Who should drive the engine of social mobility?

There will always be a political temptation to charge universities with improving a school system that leaves some students underprepared

August 4, 2022
Boys playing on bus shelter on run down council estate; Bradford UK to illustrate social mobility
Source: Alamy

The extent to which higher education can be expected to single-handedly deliver equality of opportunity is a tricky issue for a sector that wants to be able to make an inspiring offer to would-be students but does not want to bear all the blame for the lack of advances in social mobility. That is even more true when higher education participation is at historic highs and UK universities spend £250 million a year on widening-access schemes. While some universities, particularly in less affluent areas, position themselves as “engines of social mobility”, more selective institutions protest that recruiting more students from poorer backgrounds would risk setting them up to fail due to problems in the school system.

But politicians are unconvinced that universities should be able to get off the hook so easily.

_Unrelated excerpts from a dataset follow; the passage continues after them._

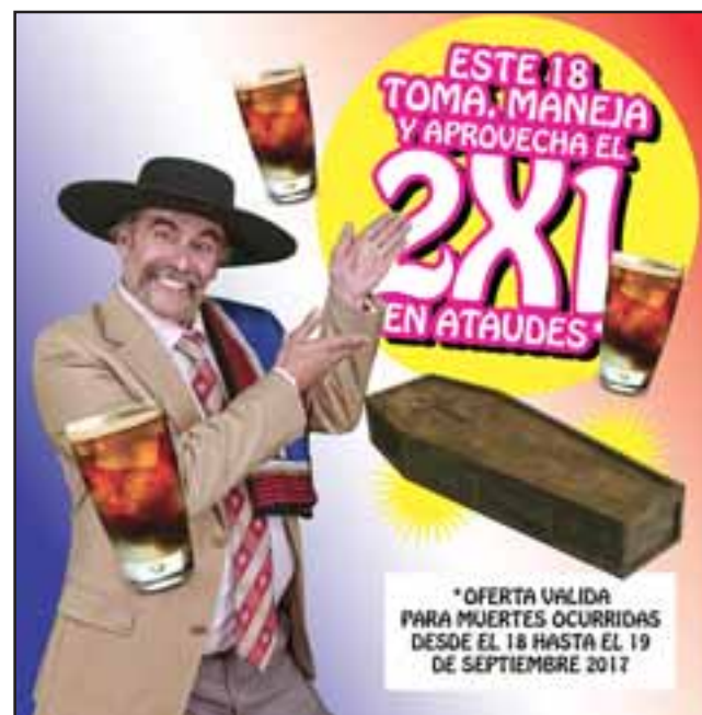
Esta es una de las imágenes de la campaña que a través del modelo conductista de psicología inversa, busca que las personas hagan totalmente lo opuesto, es decir no conducir si van a beber alcohol.

Se trata de 'Matta y Matta Funerarias', una empresa ficticia que ofrece excelentes ofertas dieciocheras para quienes van a tomar y luego manejar.
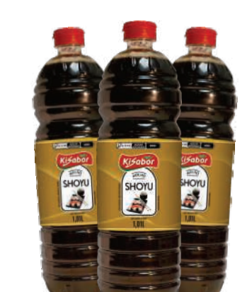
Molho Shoyu Kisabor 1,01 Litro RS 8,69 un.
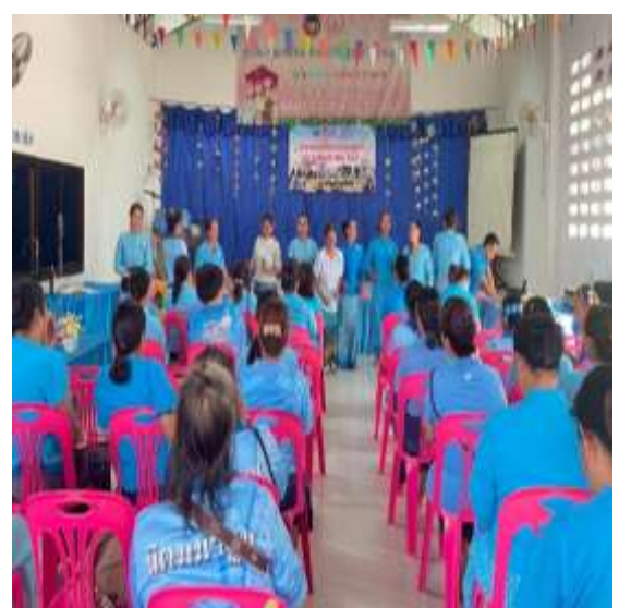
กิจกรรมเรื่องเล่าการดูแลสุขภาพ ประสบการณ์การป่วยด้วยโรคต่างๆของสตรี กิจกรรมออกกำลังกาย นันทนาการ
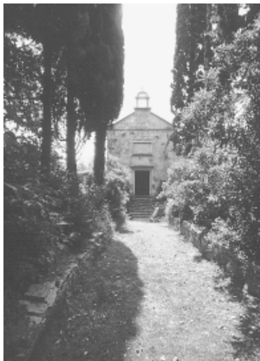
Ljetnikovac Lantana, pogled na vrt i kapelu, 1993. Lantana villa, view of the garden and chapel, 1993

Ugljan je velik otok koji zatvara zadarski kanal. Na jednom njegovom visokom brdu dominira Kaštel sv. Mihovila. Ispod njega leži Sv. Eufemija (danas Sutomišćica, o. pr.) gdje stanuje conte Lantana, za kojega smo imali pismo gđe Cattani. Bilo je malo vjetra, pa smo stigli tek oko 6 sati. Mali dvorac grofa Lantane nalazi se nedaleko od obale. Kratka aleja vodi do malog dvorišta okružena zidom, par stepenica vodi u predvorje, koje na suprotnoj strani ima vrata, što vode u mali vrt. I taj je bio okružen zidovima, naokolo su visili grozdovi, doduše nezreli, a mala, bijelo okrečena kapela virila je iz bršljana. Vrt je bio prazan, isto tako i dvorište. Jedan ljubazan pas
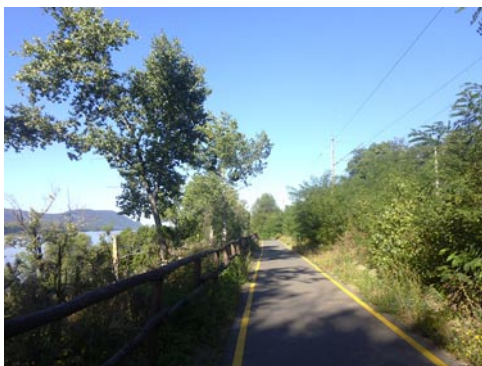
Tökéletes minőségű bringaut
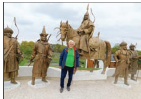
Ópusztaszer. A vezérek előtt fotósunk

hogy egy Presbitérium 16 reális és jól átgondolt célt meg tud fogalmazni. Már önmagában az hatalmas eredmény, hogy a presbiterek tudták a saját gyülekezetük helyzetét teljesen objektíven értékelni és kimondani, hogy mely területek azok, ahol szükség van az előrelépésre vagy éppen a megerősödéssre. És már önmagában azért érdemes volt részt venni az alkalmon, hogy szembesüljünk az értékeinkkel, hiszen ahol ismerik az értékeket, ott lesznek célok és ott lesz egyértelmű a haladás iránya is. Mindezeket túl pedig nagyon is időszerű volt a Presbitérium számára egy olyan közösségformáló hétvége, amikor is jobban megismertük egymást és ezáltal a jövőben egy kicsit jobban benne lehet-
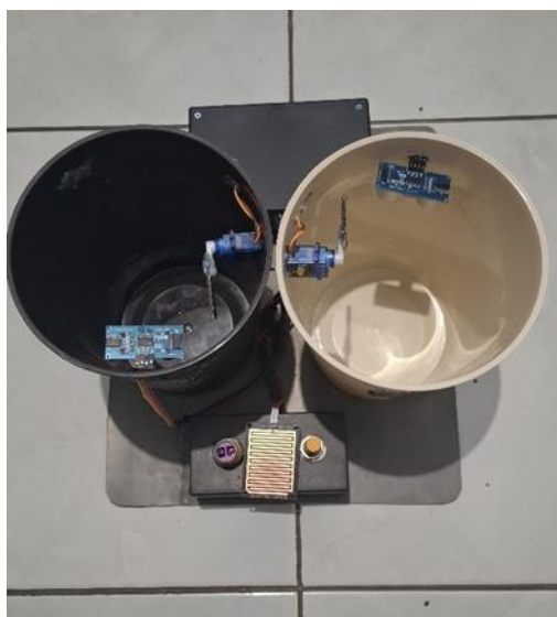
Gambar 3. Tampilan Sensor Ultrasonik dan Servo

Gambar 2 diatas adalah gambar tempat sampah tampak depan, Sensor ultrasonik HC-SR04 dan servo terdapat di dalam tutup tempat sampah.

Shortly after returning oversight of universities to the Department for Education upon becoming prime minister in 2016, Theresa May announced plans to force English universities to set up a school or sponsor an existing “underperforming” one as a condition of charging fees above £6,000. In her speech, she referenced the University of Birmingham’s free school, opened the previous year. May foresaw universities ultimately being required to sponsor “thriving school chains in every town and city in the country”.

As our cover feature sets out, US universities are also being looked upon to support local schools and facilitate a more seamless transition to higher education. And there have been several successful initiatives.

But do universities really have the expertise or the bandwidth to get heavily involved in schools? University of Oxford vice-chancellor Louise Richardson dismissed May’s plans as a “distraction”, saying: “We have no experience in running schools. There are many wonderful teachers and headteachers throughout the country and I think it's, frankly, insulting to them to suggest that a university can come in and do what they are working very hard to do.”

The Brexit black hole into which policymaking was plunged post-referendum consumed May’s plan, but last November, then universities minister Michelle Donelan announced a plan to require English universities to “improve outcomes for disadvantaged children by driving up education standards in schools and colleges in the local community”. Specific measures were not mentioned, but “providing tutoring services” was suggested.

Another idea, articulated in 2019 by former public school and grammar school head Martin Stephen, is for universities to “become involved again in the examination system” to combat the competition among exam boards that he saw as driving down standards, leaving poorer students ill-prepared for selective universities. He also suggested that access initiatives should be targeted earlier: “Minds are often made up by the age of 14; schemes need to start with 11- and 12-year-olds, or even earlier.”

Indeed, according to Sandy Baum and Michael McPherson, whose recent book on universities’ role in addressing inequality was featured in Times Higher Education, universities might even consider lobbying for more expenditure on early years provision since “compensating at later ages for the effects of early inequalities in children’s treatment and opportunity is more expensive, less effective, and more limited in reach than preventing the inequalities in the first place”.

Whether Donelan’s policy will survive the latest Conservative leadership contest is open to question. Frontrunner Liz Truss is a former equalities minister, but her 2020 speech in that capacity announcing a “fight for fairness” mentioned universities only in the context of endorsing then education secretary Gavin Williamson’s plan to introduce post-qualification admissions on the grounds that poorer students’ grades are more likely to be under-predicted. That plan was dropped after Williamson was sacked, but Truss suggested last weekend that she wanted to revive it. She also plans to offer all students who receive three A*s at A level an automatic Oxbridge interview.

How much that will do for social mobility is open to question. Truss has controversially claimed that she herself got to Oxford despite going to a Leeds comprehensive whose pupils were “let down by low expectations”. And she has said that the school spent so much time teaching about “racism and sexism [that] there was too little time spent making sure everyone could read and write”. The fact that universities, too, are repeatedly bashed by the right about “wokeism” leaves it open to question whether Truss would see them as the solution to such alleged failings in schools.

Then again, while ministers cherish their ability to impose their own agendas on schools, the idea of being able to blame university leaders for any spluttering in the engine of social mobility will surely remain tempting.